*Work instructions*
Nothing outside the range below should be printed. Output exactly the lines from the line with "Procesión del Mandato." to the line with "据了解,今年3月份至今,我镇", both included.

*Stored data*
┌────────

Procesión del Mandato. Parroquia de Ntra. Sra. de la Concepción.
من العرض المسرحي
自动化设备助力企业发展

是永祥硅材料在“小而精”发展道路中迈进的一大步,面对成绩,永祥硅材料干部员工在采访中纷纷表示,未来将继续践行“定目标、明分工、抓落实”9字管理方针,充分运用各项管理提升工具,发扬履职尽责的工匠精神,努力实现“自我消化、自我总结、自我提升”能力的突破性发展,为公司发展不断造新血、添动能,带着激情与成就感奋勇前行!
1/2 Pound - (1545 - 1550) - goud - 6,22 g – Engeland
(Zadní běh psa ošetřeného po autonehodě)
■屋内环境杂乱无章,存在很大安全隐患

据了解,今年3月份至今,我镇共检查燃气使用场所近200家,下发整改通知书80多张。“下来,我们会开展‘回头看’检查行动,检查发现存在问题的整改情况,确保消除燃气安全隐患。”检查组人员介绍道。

└────────
┌────────

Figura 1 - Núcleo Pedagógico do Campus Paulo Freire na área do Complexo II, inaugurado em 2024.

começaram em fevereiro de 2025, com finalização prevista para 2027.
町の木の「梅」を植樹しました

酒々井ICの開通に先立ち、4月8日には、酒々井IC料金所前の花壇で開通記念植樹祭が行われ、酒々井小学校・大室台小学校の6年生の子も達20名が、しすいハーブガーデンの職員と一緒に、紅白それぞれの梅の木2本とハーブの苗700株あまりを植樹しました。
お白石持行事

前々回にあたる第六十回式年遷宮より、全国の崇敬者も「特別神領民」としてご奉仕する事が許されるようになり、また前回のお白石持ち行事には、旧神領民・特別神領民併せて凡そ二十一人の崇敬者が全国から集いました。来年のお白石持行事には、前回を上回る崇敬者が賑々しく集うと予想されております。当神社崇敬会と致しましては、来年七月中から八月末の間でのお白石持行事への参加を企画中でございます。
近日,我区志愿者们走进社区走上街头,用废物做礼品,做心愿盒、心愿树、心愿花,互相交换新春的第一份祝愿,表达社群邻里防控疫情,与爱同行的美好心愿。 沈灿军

└────────
┌────────

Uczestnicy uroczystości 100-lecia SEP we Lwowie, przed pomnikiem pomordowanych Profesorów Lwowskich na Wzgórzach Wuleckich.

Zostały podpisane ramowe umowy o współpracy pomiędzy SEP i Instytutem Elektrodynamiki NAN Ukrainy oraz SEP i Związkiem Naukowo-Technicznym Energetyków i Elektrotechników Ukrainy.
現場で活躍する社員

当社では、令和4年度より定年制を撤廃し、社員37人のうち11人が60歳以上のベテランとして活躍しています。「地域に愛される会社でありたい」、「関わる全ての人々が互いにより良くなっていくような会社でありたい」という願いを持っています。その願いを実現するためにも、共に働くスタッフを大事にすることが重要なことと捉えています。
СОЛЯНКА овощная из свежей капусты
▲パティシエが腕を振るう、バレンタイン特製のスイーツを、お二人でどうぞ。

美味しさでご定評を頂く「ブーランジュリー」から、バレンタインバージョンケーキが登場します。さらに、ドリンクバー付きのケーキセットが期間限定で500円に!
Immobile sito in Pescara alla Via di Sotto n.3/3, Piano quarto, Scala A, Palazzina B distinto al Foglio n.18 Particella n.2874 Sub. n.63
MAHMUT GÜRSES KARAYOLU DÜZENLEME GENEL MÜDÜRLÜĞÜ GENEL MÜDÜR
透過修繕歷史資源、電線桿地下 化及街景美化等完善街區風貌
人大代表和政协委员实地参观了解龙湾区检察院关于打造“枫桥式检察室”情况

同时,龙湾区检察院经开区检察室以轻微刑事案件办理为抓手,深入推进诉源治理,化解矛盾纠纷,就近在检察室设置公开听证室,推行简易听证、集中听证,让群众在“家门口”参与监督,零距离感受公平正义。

└────────

*Written response*
Procesión del Mandato. Parroquia de Ntra. Sra. de la Concepción.
من العرض المسرحي
自动化设备助力企业发展

是永祥硅材料在“小而精”发展道路中迈进的一大步,面对成绩,永祥硅材料干部员工在采访中纷纷表示,未来将继续践行“定目标、明分工、抓落实”9字管理方针,充分运用各项管理提升工具,发扬履职尽责的工匠精神,努力实现“自我消化、自我总结、自我提升”能力的突破性发展,为公司发展不断造新血、添动能,带着激情与成就感奋勇前行!
1/2 Pound - (1545 - 1550) - goud - 6,22 g – Engeland
(Zadní běh psa ošetřeného po autonehodě)
■屋内环境杂乱无章,存在很大安全隐患

据了解,今年3月份至今,我镇共检查燃气使用场所近200家,下发整改通知书80多张。“下来,我们会开展‘回头看’检查行动,检查发现存在问题的整改情况,确保消除燃气安全隐患。”检查组人员介绍道。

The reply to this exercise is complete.